Dairy exports earn New Zealand around $10 billion year and account for about 25% of goods exports. “What happens to dairy prices has massive impact on New Zealand’s terms of trade, and hence the purchasing power of our income,” says O’Donovan. “A strong performing dairy and agriculture sector will do more to help New Zealand ‘catch up with Australia’ (or more realistically ‘keep up’) over the short term than any government policy is likely to do.”

O’Donovan says long-term increase in world demand for high quality food products is going on, driven by the urbanisation and westernisation of the exploding middle class in China and the rest of Asia, and rising demand from “petro-economies”. This long-term dynamic has not gone away, despite short-term reduction in demand due to the global recession, he says, and New Zealand is extremely well positioned to take advantage of it.

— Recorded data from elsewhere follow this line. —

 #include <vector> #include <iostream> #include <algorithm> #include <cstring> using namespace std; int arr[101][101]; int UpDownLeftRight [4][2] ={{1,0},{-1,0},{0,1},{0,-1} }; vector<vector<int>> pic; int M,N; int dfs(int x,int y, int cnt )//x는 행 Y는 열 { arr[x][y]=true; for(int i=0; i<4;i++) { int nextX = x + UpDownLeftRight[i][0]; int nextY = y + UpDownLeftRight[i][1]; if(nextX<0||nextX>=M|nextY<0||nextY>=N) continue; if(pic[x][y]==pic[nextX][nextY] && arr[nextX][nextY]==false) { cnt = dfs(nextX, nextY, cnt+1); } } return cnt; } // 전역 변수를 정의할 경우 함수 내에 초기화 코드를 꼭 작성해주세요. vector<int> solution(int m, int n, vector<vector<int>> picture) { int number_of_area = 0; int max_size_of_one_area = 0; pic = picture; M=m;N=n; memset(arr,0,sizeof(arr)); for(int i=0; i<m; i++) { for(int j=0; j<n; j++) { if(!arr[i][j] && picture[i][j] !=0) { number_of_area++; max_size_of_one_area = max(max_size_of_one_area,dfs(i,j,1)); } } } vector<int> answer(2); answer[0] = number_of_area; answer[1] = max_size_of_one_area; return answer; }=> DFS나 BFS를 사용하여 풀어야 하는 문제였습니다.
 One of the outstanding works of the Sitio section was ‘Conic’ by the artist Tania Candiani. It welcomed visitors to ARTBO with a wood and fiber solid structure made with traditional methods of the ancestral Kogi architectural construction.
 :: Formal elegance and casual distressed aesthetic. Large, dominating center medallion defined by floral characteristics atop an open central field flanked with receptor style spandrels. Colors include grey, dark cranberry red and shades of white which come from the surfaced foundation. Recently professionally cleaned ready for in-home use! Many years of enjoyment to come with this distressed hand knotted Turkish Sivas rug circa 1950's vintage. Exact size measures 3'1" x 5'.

This is likely to fuel increasing demand for our dairy products, says the Ministry of Agriculture and Forestry (MAF) in its latest Situation Outlook for New Zealand Agriculture and Forestry. MAF is optimistically forecasting 22% growth in the volume of dairy exports to whopping 1.75 billion kgs of milk solids and 57% growth in export value to $15.7 billion over the next four years.

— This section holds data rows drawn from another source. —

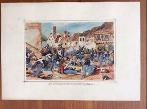 Detailreiche Darstellung der Schlacht bei Düppel aus dem deutsch/ dänischem Krieg 1864. Papier/ Karton etwas vergilbt, die Darstellung im guten Zustand.
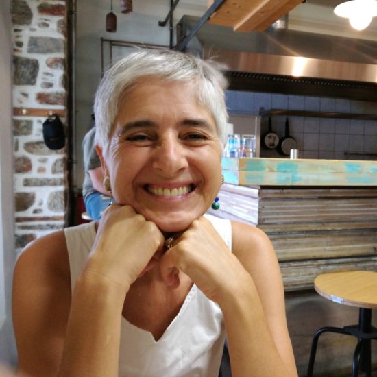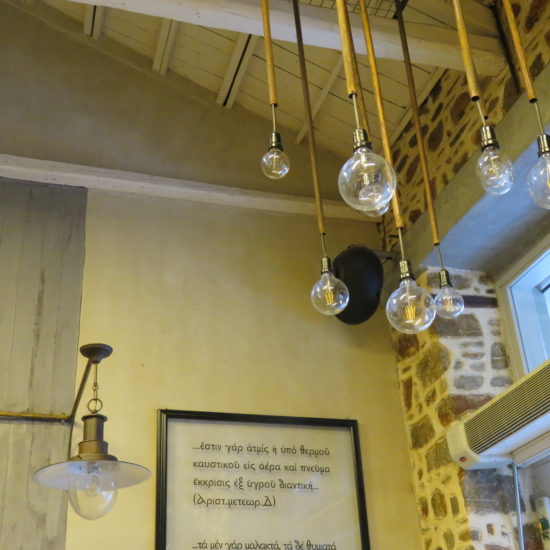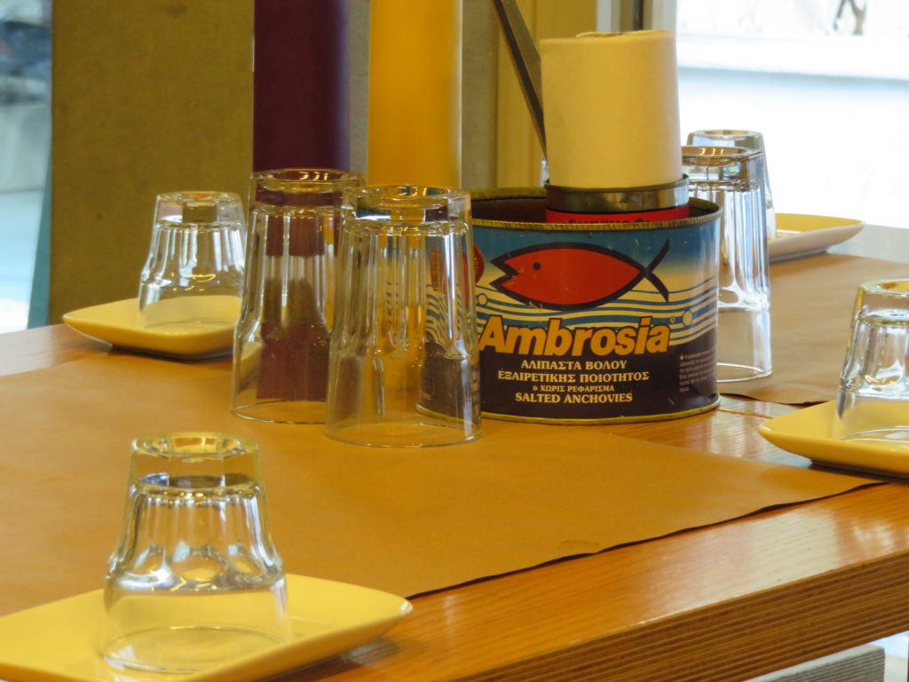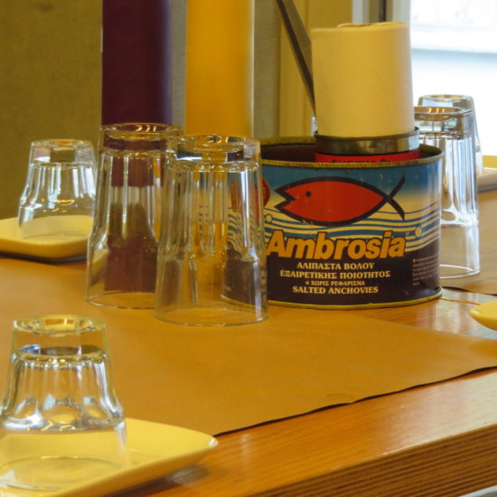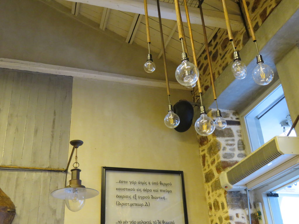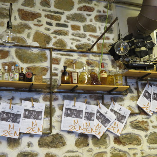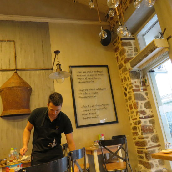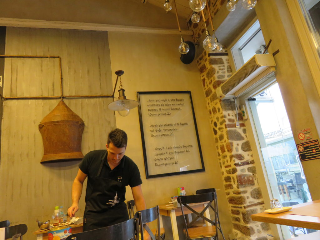 Je retrouve Armand dans un MeZen qui doit être encore plus connu que l’année passée, bondé, niveau sonore élevé, fumée, mais service toujours aussi parfait, garçons énergiques et attentionnés. Comme dans tous les autres tsiporadiko, la première chose qu’on nous sert, dès que nous nous asseyons, c’est le tsipouro. Ici le garçon nous salue d’abord, puis ne dit pas simplement avec ou sans? Il demande: glykaniso? C’est oui. Et puis on peut commander un mézé à son goût, ou se laisser surprendre. Le décor est original. Il y a un grand tableau noir avec des citations de poètes grecs, et un cadre avec des citations en grec ancien – je ne comprends rien, mais c’est beau à voir. L’ambiance est légère, animée, amicale – mais ici aussi, difficile de se parler! La prochaine fois, pour pouvoir discuter sans crier, on retournera à nos anciennes amours – au Kyklos, sous les arbres, tsiporadiko calme et ombragé, peu fréquenté à midi, où nous attend le sourire de la patronne et de sa fille à la si belle voix.
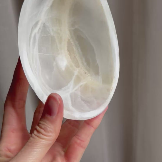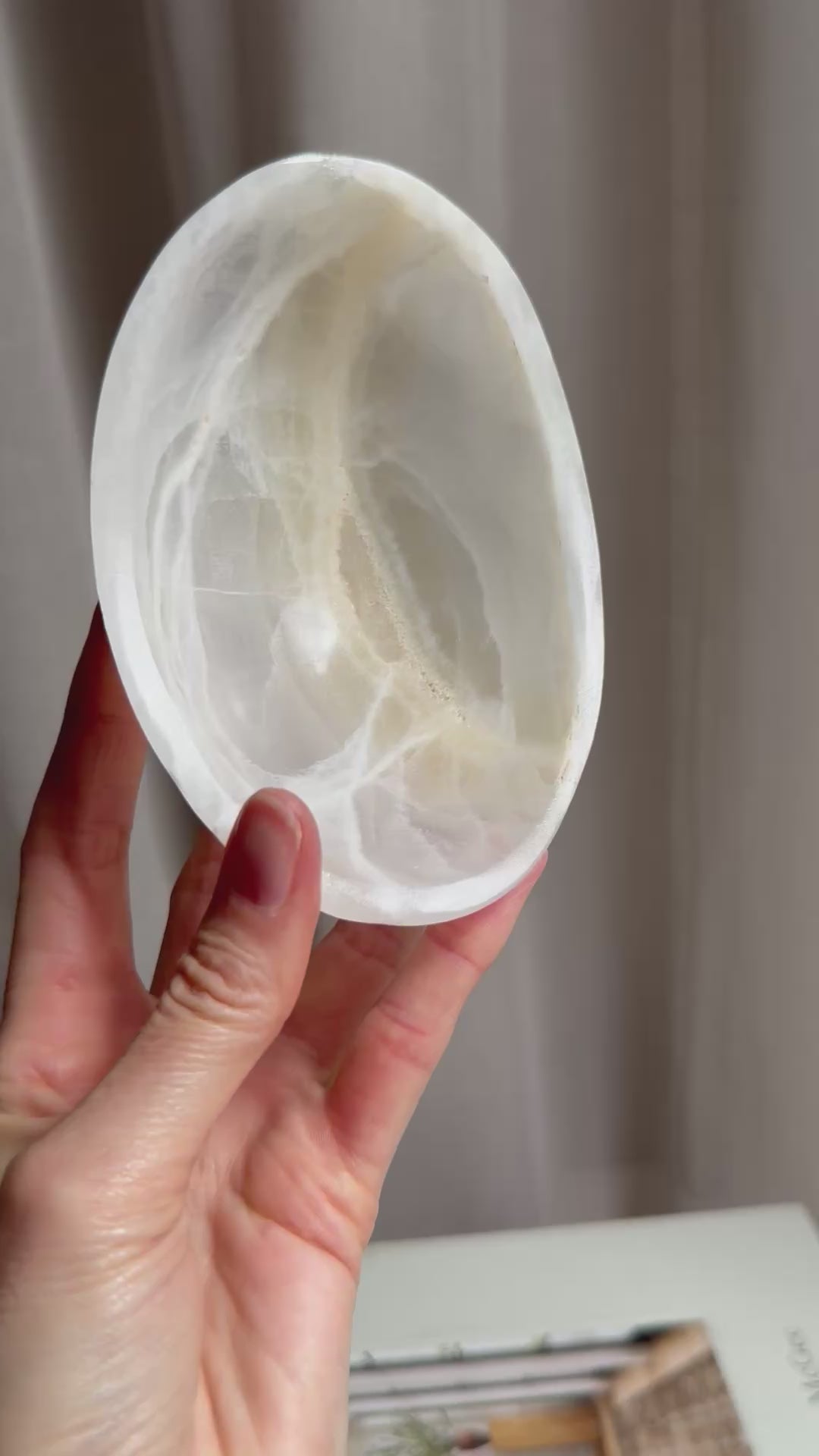 Our Onyx bowls are simply stunning. Creamy white and semi translucent this bowl sits lightly in any interior. Perfect displayed by itself or for those special items such as Jewellery or crystals.

The theme of the 2010 IDF conference was sustainability and it ironically coincided with the release of another less than flattering report this week on the poor water quality of too many of our lakes. Environmental issues are likely to be the biggest challenge the dairy industry faces over the next decade.

The industry’s own Strategy for New Zealand Dairy Farming 2009/2020 report accepts the Government and the public have increased expectations around environmental standards which have led to greater focus on water availability and quality. Effluent compliance issues and the expansion and intensification of dairy farming are increasing tension between the dairy industry and the public, the report acknowledges. “Despite the efforts of farmers and industry to improve resource use efficiency, there is increasing likelihood of further constraints on water use and nutrient losses,” the report says.

Federated Farmers dairy chairperson Lachlan McKenzie concedes the public perception that farmers are “hooked on the white crystal – not P but nitrogen” cannot be ignored, and farming has to improve its public image. He believes the focus should be on practical, farmer-led and often simple solutions. ”We have to use nature’s kidneys – the wetlands and swamps as purification areas.” He suggests co-operative initiatives between land owners to reinstate wetlands, and possibly grow crops on them, could be an answer to the nutrification of waterways, including the Rotorua lakes.

McKenzie says New Zealand can produce more milk from land currently in dairying, without necessarily increasing water consumption. “Leading technology in Canterbury is irrigating more land without using any more water and it’s delivering water at different rates to specific areas.” There’s potential too in New Zealand’s rainfall. “We use just seven percent. The other 93 percent flows out to sea,” he says. Finding ways of more effectively trapping, storing and utilising this water has been major policy plank of Federated Farmers and is one that current Agriculture Minister David Carter has picked up on.

Fonterra chief executive Andrew Ferrier agrees that ridding the industry of its “dirty dairying” image is vital, although the image is largely undeserved, he contends. “The majority of farmers lift the bar higher in environmental performance every year. Across the industry there has been one percent reduction in the energy consumption for each unit of milk produced since 1991 and the New Zealand dairy industry’s carbon footprint is lower than Europe’s because of our pastoral-based farming model.”